___ Raw data

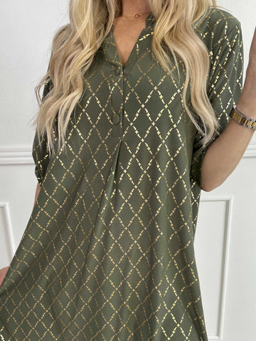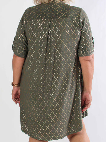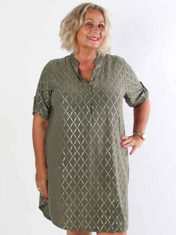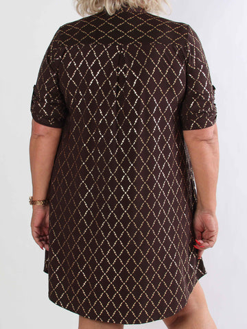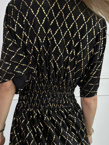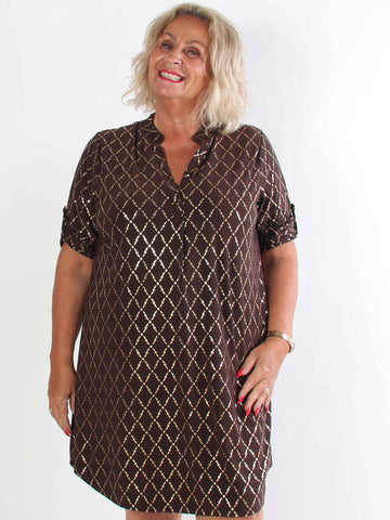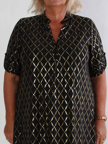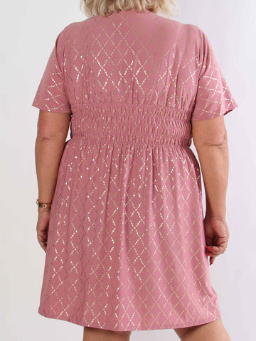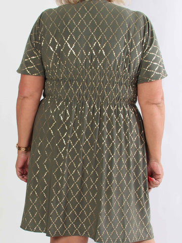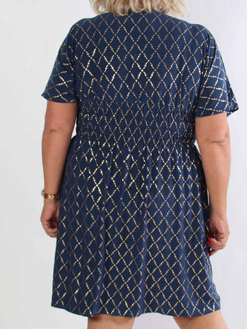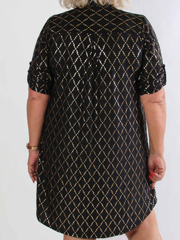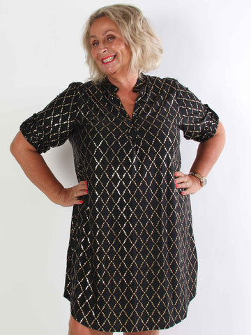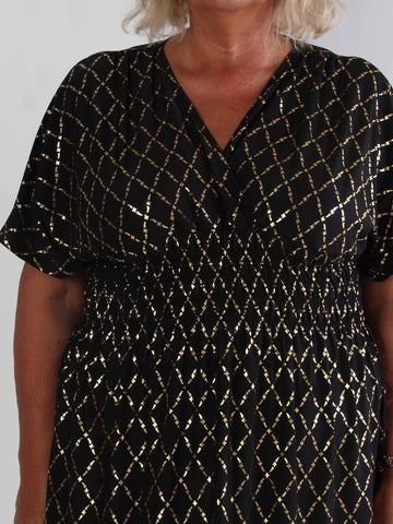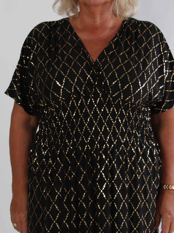 Pams Gold Check Short - Kort elastisk plus size kjole med guld detaljer
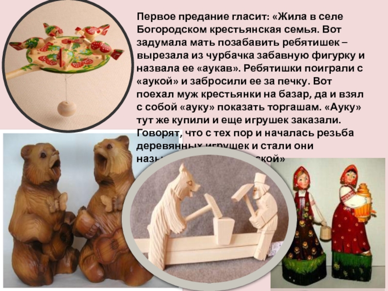 мать позабавить ребятишек – вырезала из чурбачка забавную фигурку и назвала ее «аукав». Ребятишки поиграли с «аукой» и забросили ее за печку. Вот поехал муж крестьянки на базар, да и взял с собой «ауку» показать торгашам. «Ауку» тут же купили и еще игрушек заказали. Говорят, что с тех пор и началась резьба деревянных игрушек и стали они называться «богородской»
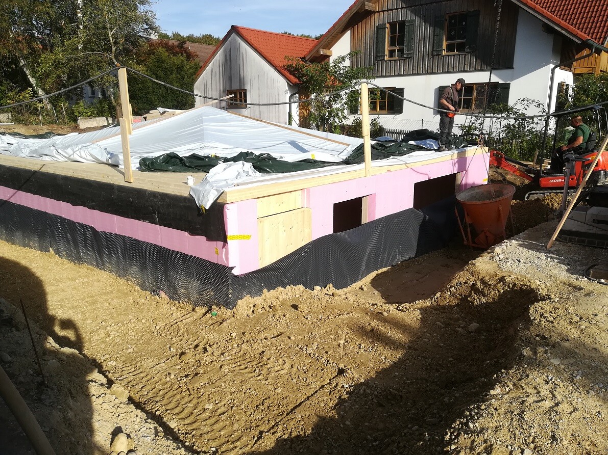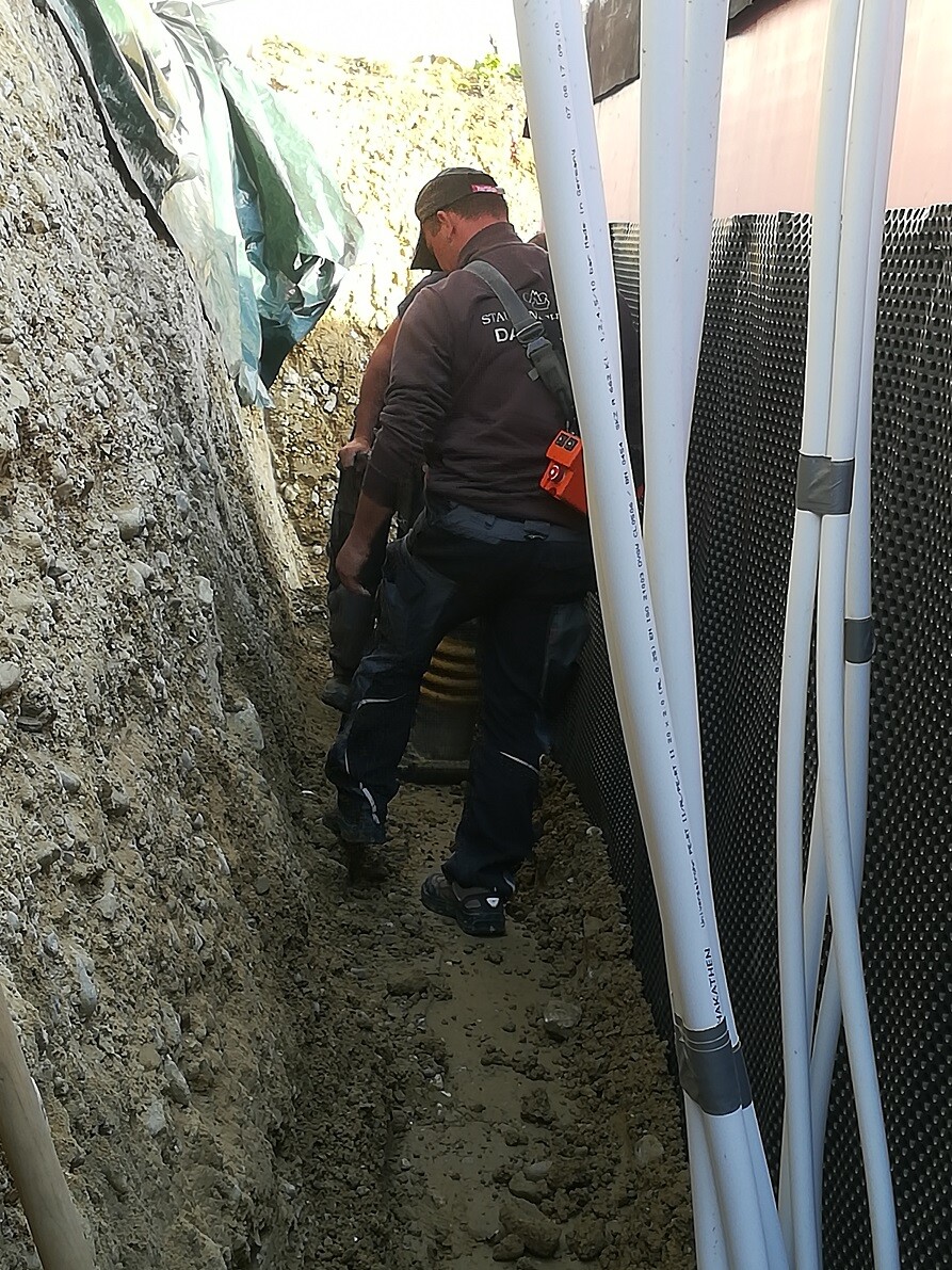Bei uns wird die Baugrube wieder zu gemacht und verdichtet.
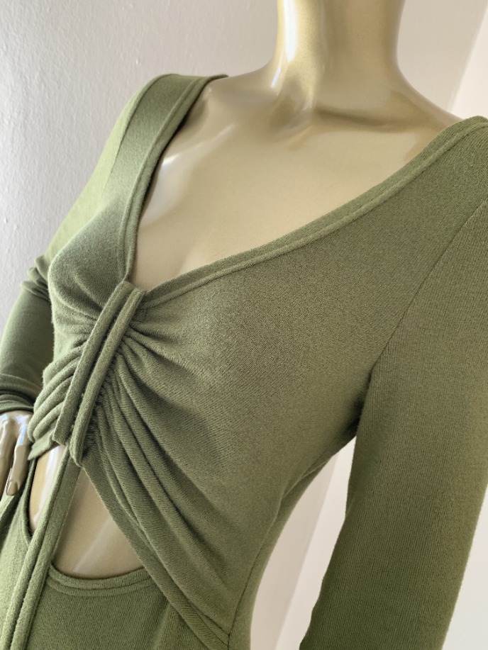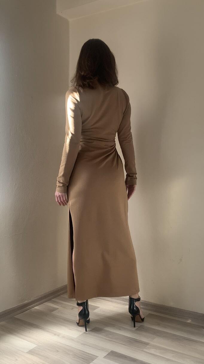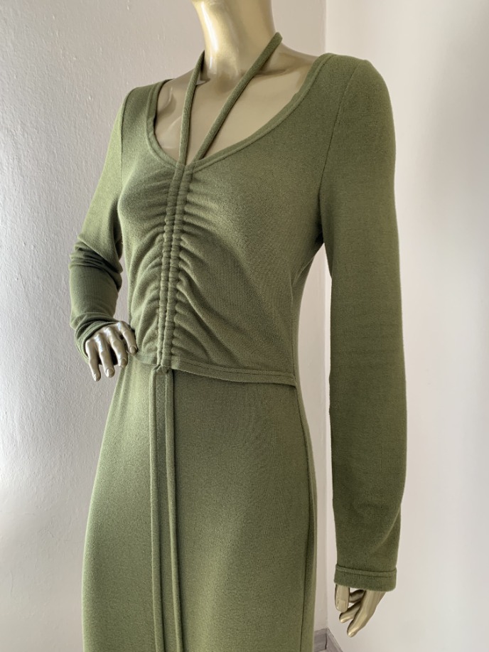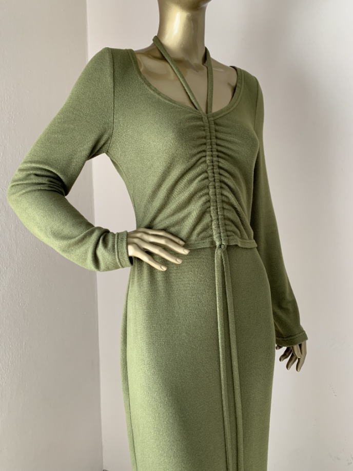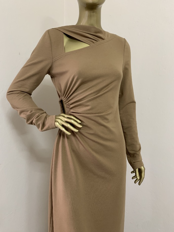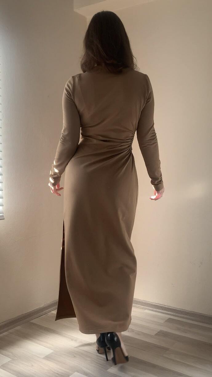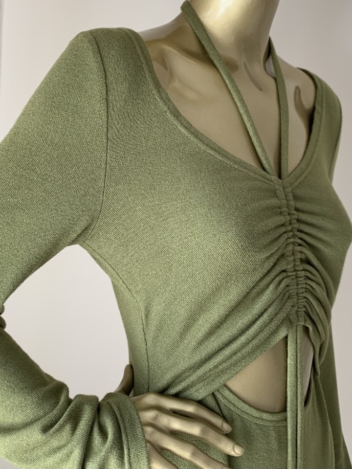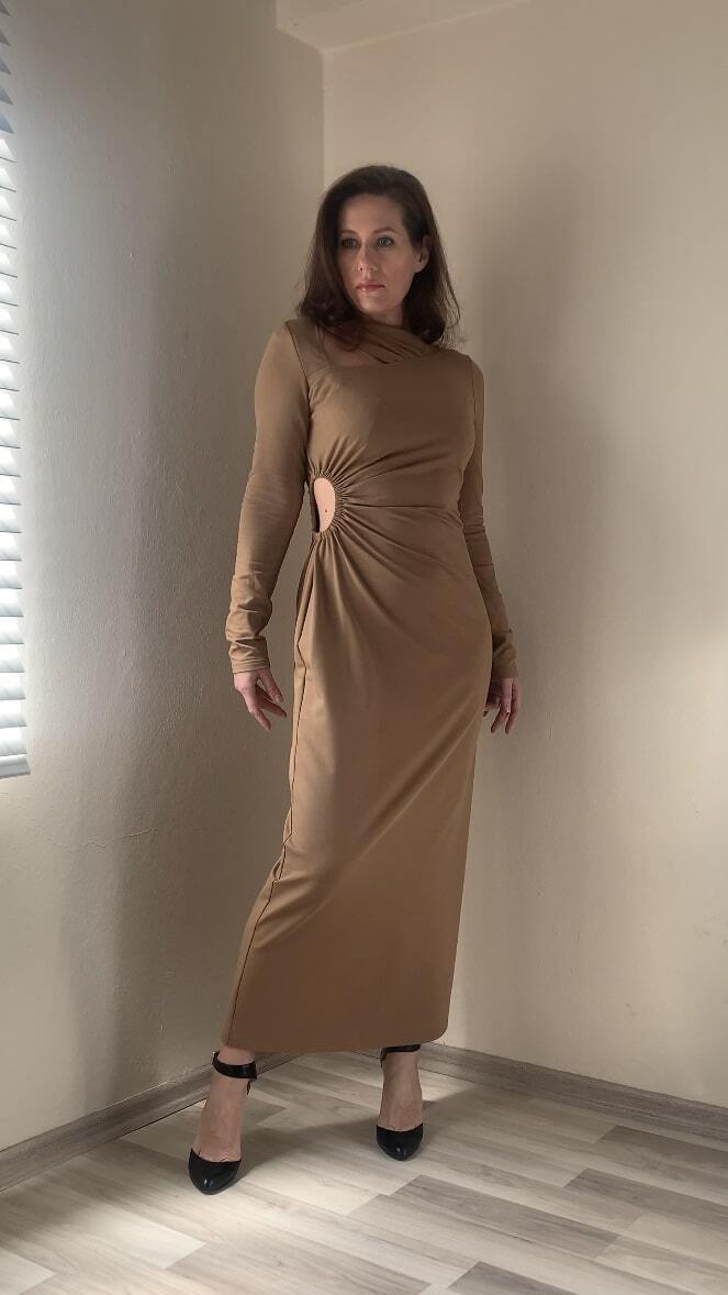 Dekolteli Büzgülü Bağcıklı Önden Cutoutlu Maksi uzunluktaki, vücuda oturan düşük hacimli bir elbise. Elbisenin önü üst ve alt olmak üzere iki parçadan oluşuyor. Göğüs kısmında büzgü ipi bulunmakladır, cutoutlu bölge açılıp kapatabilir. Kolları uzun ve hacimlidir. Yaka kısmı derin V şeklinde. Elbisenin boyu maksidir. Tasarım elbise, hand made.

______

Task goal:
Every line of the data should be transcribed exactly. Omit the images.

Exercise result:
 Pams Gold Check Short - Kort elastisk plus size kjole med guld detaljer
 мать позабавить ребятишек – вырезала из чурбачка забавную фигурку и назвала ее «аукав». Ребятишки поиграли с «аукой» и забросили ее за печку. Вот поехал муж крестьянки на базар, да и взял с собой «ауку» показать торгашам. «Ауку» тут же купили и еще игрушек заказали. Говорят, что с тех пор и началась резьба деревянных игрушек и стали они называться «богородской»
Bei uns wird die Baugrube wieder zu gemacht und verdichtet.
 Dekolteli Büzgülü Bağcıklı Önden Cutoutlu Maksi uzunluktaki, vücuda oturan düşük hacimli bir elbise. Elbisenin önü üst ve alt olmak üzere iki parçadan oluşuyor. Göğüs kısmında büzgü ipi bulunmakladır, cutoutlu bölge açılıp kapatabilir. Kolları uzun ve hacimlidir. Yaka kısmı derin V şeklinde. Elbisenin boyu maksidir. Tasarım elbise, hand made.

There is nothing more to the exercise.